INSTRUCTIONS FOR THE TASK:
Keep the images out and set the listing below down word for word.

#### DATA ####

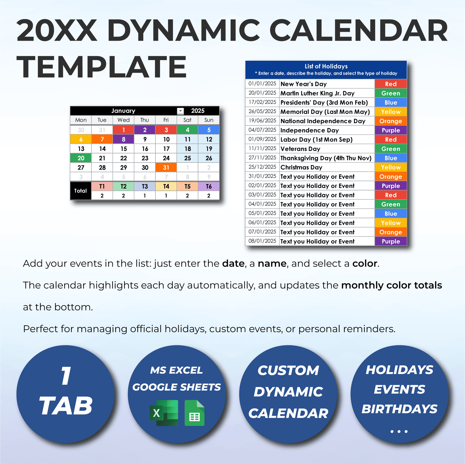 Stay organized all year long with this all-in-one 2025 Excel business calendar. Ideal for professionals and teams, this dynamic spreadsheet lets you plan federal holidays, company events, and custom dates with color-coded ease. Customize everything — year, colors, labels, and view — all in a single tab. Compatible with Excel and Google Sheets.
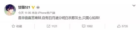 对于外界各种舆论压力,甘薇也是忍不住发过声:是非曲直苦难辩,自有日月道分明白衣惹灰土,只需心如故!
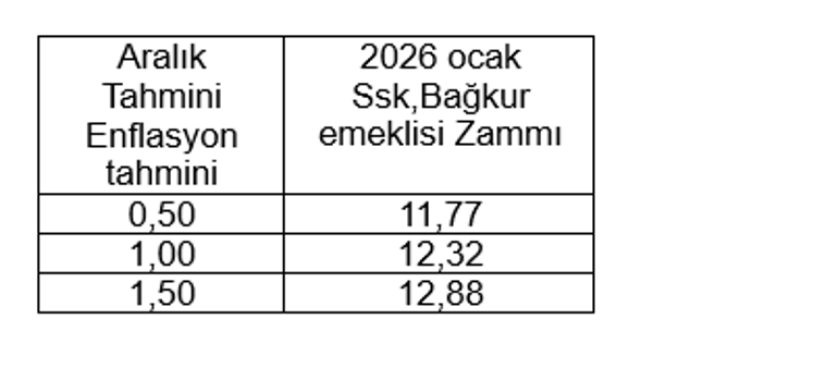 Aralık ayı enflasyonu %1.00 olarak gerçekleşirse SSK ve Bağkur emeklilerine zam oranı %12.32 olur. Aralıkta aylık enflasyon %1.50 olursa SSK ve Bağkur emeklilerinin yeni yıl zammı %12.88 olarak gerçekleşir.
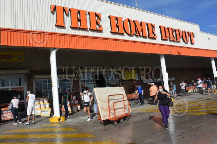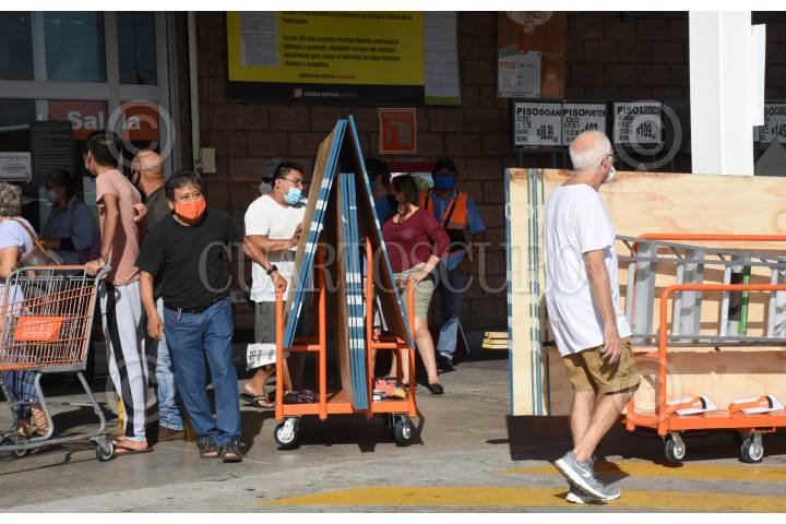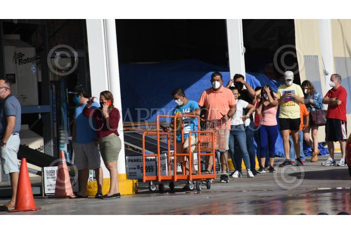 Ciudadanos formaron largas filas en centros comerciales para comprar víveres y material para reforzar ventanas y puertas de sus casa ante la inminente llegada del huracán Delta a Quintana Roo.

####

RESPONSE:
 Stay organized all year long with this all-in-one 2025 Excel business calendar. Ideal for professionals and teams, this dynamic spreadsheet lets you plan federal holidays, company events, and custom dates with color-coded ease. Customize everything — year, colors, labels, and view — all in a single tab. Compatible with Excel and Google Sheets.
 对于外界各种舆论压力,甘薇也是忍不住发过声:是非曲直苦难辩,自有日月道分明白衣惹灰土,只需心如故!
 Aralık ayı enflasyonu %1.00 olarak gerçekleşirse SSK ve Bağkur emeklilerine zam oranı %12.32 olur. Aralıkta aylık enflasyon %1.50 olursa SSK ve Bağkur emeklilerinin yeni yıl zammı %12.88 olarak gerçekleşir.
 Ciudadanos formaron largas filas en centros comerciales para comprar víveres y material para reforzar ventanas y puertas de sus casa ante la inminente llegada del huracán Delta a Quintana Roo.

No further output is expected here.